Hamed Mahmoud Assem, Wasinger Valerie, Wang Qi, Biazik Joanna, Graham Peter, Malouf David, Bucci Joseph, Li Yong
St. George and Sutherland Clinical Campuses, School of Clinical Medicine, University of New South Wales (UNSW) Sydney, Kensington, NSW 2052, Australia.
Cancer Care Centre, St. George Hospital, Kogarah, NSW 2217, Australia.
Metabolites. 2024 Jun 28;14(7):367. doi: 10.3390/metabo14070367.
Conventional diagnostic tools for prostate cancer (PCa), such as prostate-specific antigen (PSA), transrectal ultrasound (TRUS), digital rectal examination (DRE), and tissue biopsy face, limitations in individual risk stratification due to invasiveness or reliability issues. Liquid biopsy is a less invasive and more accurate alternative. Metabolomic analysis of extracellular vesicles (EVs) holds a promise for detecting non-genetic alterations and biomarkers in PCa diagnosis and risk assessment. The current research gap in PCa lies in the lack of accurate biomarkers for early diagnosis and real-time monitoring of cancer progression or metastasis. Establishing a suitable approach for observing dynamic EV metabolic alterations that often occur earlier than being detectable by other omics technologies makes metabolomics valuable for early diagnosis and monitoring of PCa. Using four distinct metabolite extraction approaches, the metabolite cargo of PC3-derived large extracellular vesicles (lEVs) was evaluated using a combination of methanol, cell shearing using microbeads, and size exclusion filtration, as well as two fractionation chemistries (pHILIC and C18 chromatography) that are also examined. The unfiltered methanol-microbeads approach (MB-UF), followed by pHILIC LC-MS/MS for EV metabolite extraction and analysis, is effective. Identified metabolites such as L-glutamic acid, pyruvic acid, lactic acid, and methylmalonic acid have important links to PCa and are discussed. Our study, for the first time, has comprehensively evaluated the extraction and separation methods with a view to downstream sample integrity across omics platforms, and it presents an optimised protocol for EV metabolomics in PCa biomarker discovery.

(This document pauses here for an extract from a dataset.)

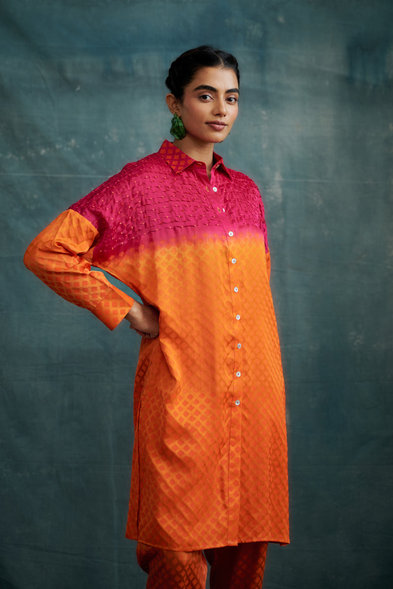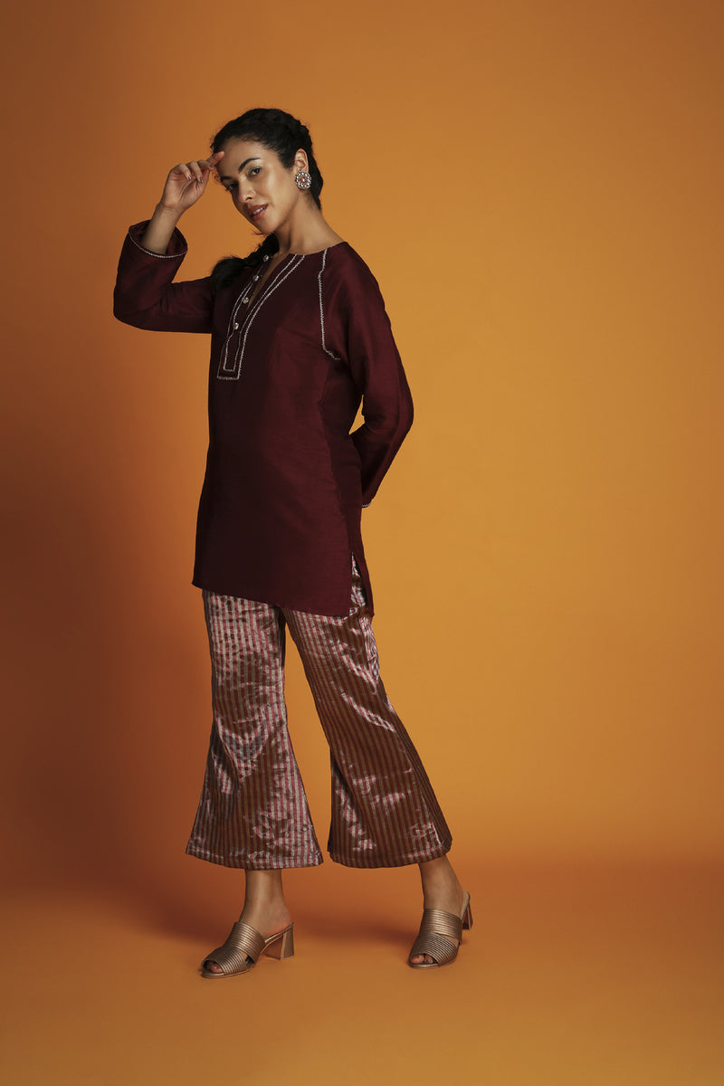 Choco-Natural Pure Silk & Cotton Silk Shirt Tunic

前列腺癌(PCa)的传统诊断工具,如前列腺特异性抗原(PSA)、经直肠超声(TRUS)、直肠指检(DRE)和组织活检,由于存在侵入性或可靠性问题,在个体风险分层方面存在局限性。液体活检是一种侵入性较小且更准确的替代方法。细胞外囊泡(EVs)的代谢组学分析有望在PCa诊断和风险评估中检测非基因改变和生物标志物。PCa目前的研究差距在于缺乏用于早期诊断以及癌症进展或转移实时监测的准确生物标志物。建立一种合适的方法来观察动态EV代谢改变(这种改变通常比其他组学技术可检测到的时间更早出现),使得代谢组学对于PCa的早期诊断和监测具有重要价值。使用四种不同的代谢物提取方法,结合甲醇、使用微珠进行细胞剪切以及尺寸排阻过滤,对PC3来源的大型细胞外囊泡(lEVs)的代谢物含量进行了评估,同时还研究了两种分级化学方法(亲水相互作用液相色谱(pHILIC)和C18色谱)。未过滤的甲醇 - 微珠方法(MB - UF),随后采用pHILIC液相色谱 - 串联质谱(LC - MS/MS)进行EV代谢物提取和分析,是有效的。已鉴定出的代谢物如L - 谷氨酸、丙酮酸、乳酸和甲基丙二酸与PCa有重要联系,并进行了讨论。我们的研究首次全面评估了提取和分离方法,以确保跨组学平台的下游样本完整性,并提出了一种用于PCa生物标志物发现的EV代谢组学优化方案。